▸ **Task prompt**: Reproduce everything from the line that contains "Clean lines lend" down to the line that contains "The RAD 34GX" in the listing below, word for word and nothing more. Leave the pictures out.

▸ **Records for this exercise**:
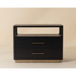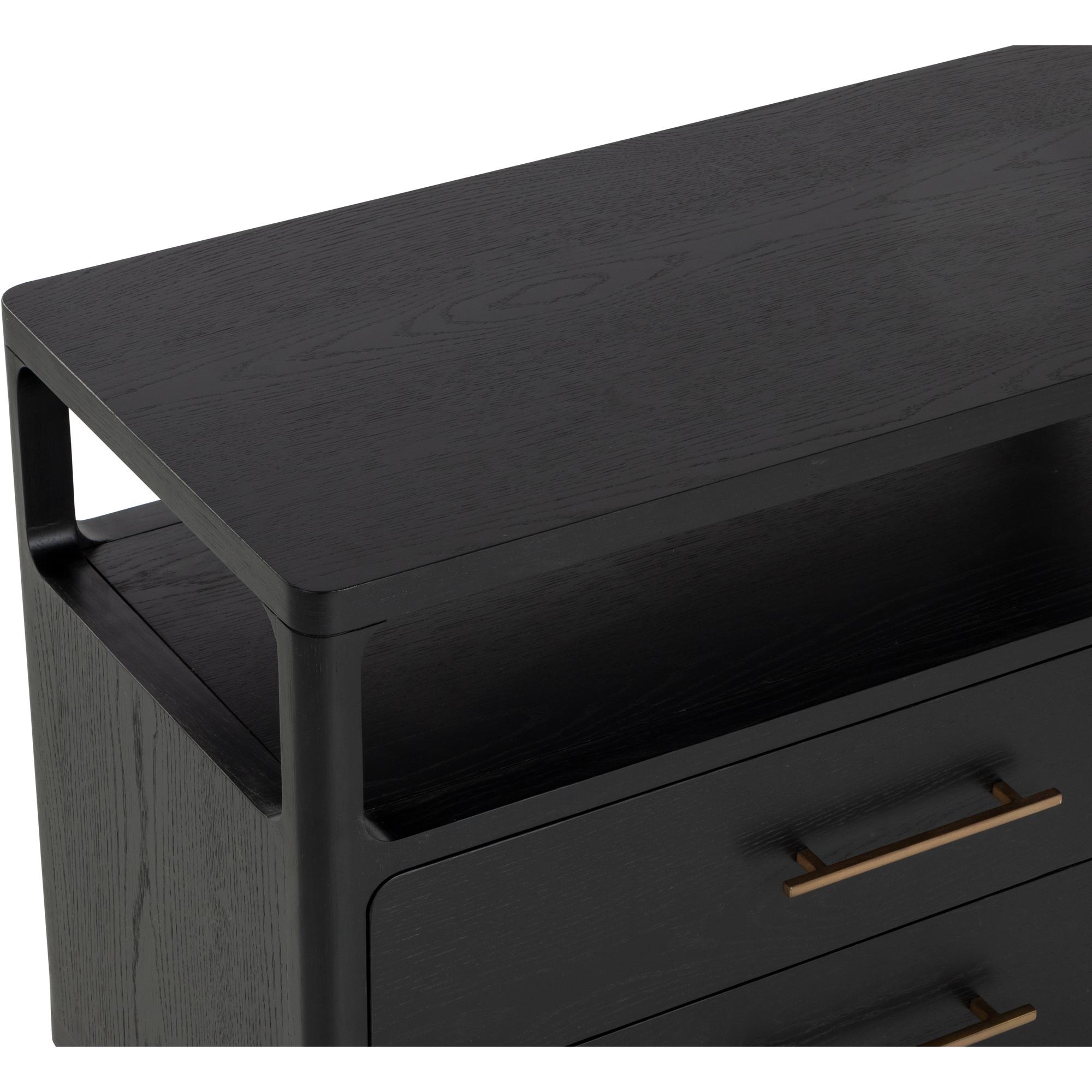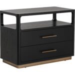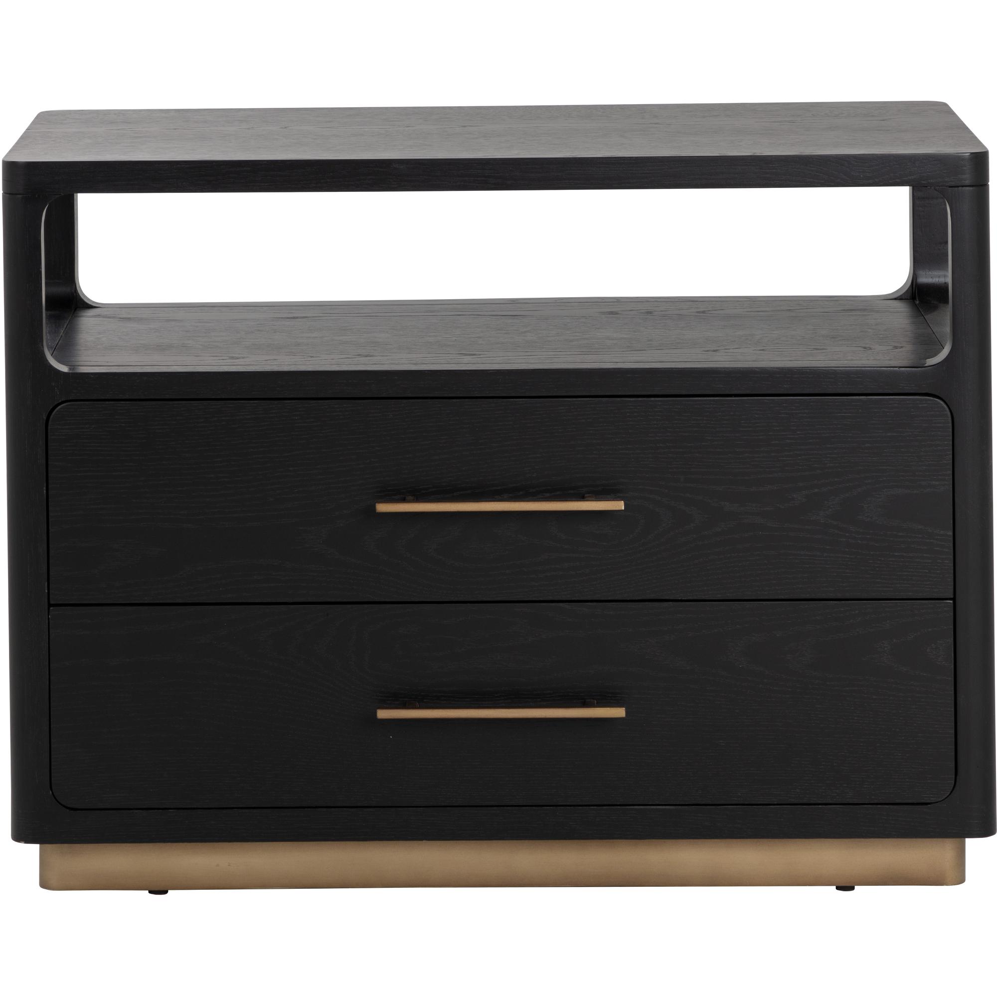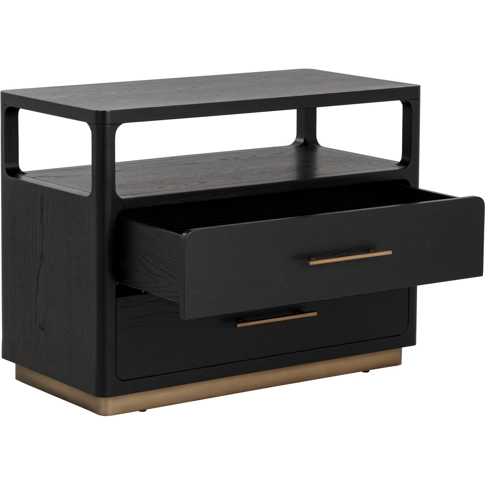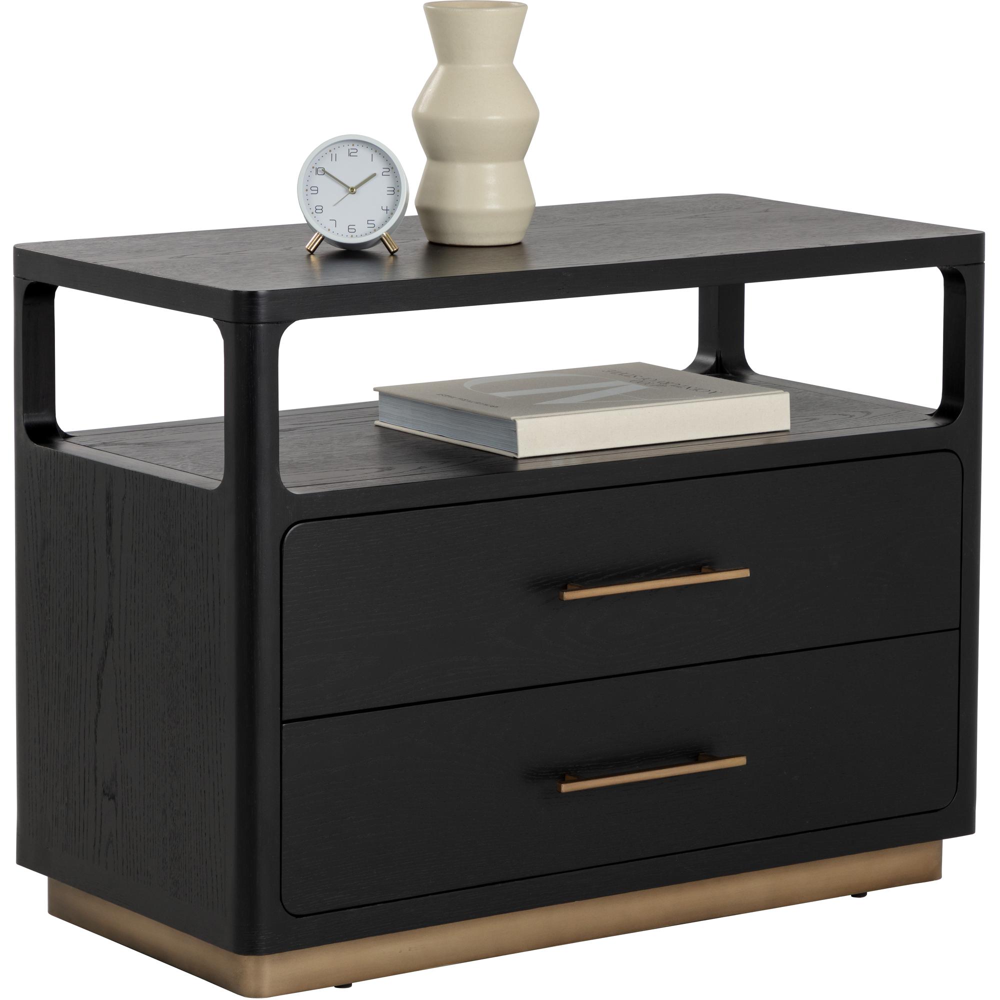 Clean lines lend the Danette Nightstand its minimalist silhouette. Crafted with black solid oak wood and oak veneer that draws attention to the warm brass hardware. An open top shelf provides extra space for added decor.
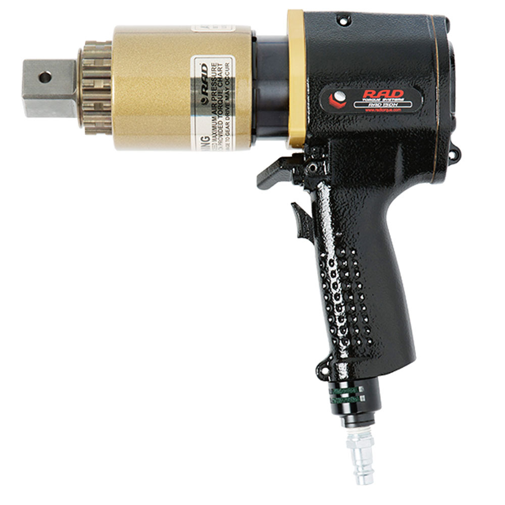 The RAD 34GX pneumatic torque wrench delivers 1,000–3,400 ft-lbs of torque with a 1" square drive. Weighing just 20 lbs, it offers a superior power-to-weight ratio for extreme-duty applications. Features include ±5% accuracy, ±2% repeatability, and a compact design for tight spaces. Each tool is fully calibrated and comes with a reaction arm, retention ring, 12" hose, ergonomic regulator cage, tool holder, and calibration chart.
---
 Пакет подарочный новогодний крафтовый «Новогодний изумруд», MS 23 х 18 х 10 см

▸ **Solution to the problem**:
 Clean lines lend the Danette Nightstand its minimalist silhouette. Crafted with black solid oak wood and oak veneer that draws attention to the warm brass hardware. An open top shelf provides extra space for added decor.
 The RAD 34GX pneumatic torque wrench delivers 1,000–3,400 ft-lbs of torque with a 1" square drive. Weighing just 20 lbs, it offers a superior power-to-weight ratio for extreme-duty applications. Features include ±5% accuracy, ±2% repeatability, and a compact design for tight spaces. Each tool is fully calibrated and comes with a reaction arm, retention ring, 12" hose, ergonomic regulator cage, tool holder, and calibration chart.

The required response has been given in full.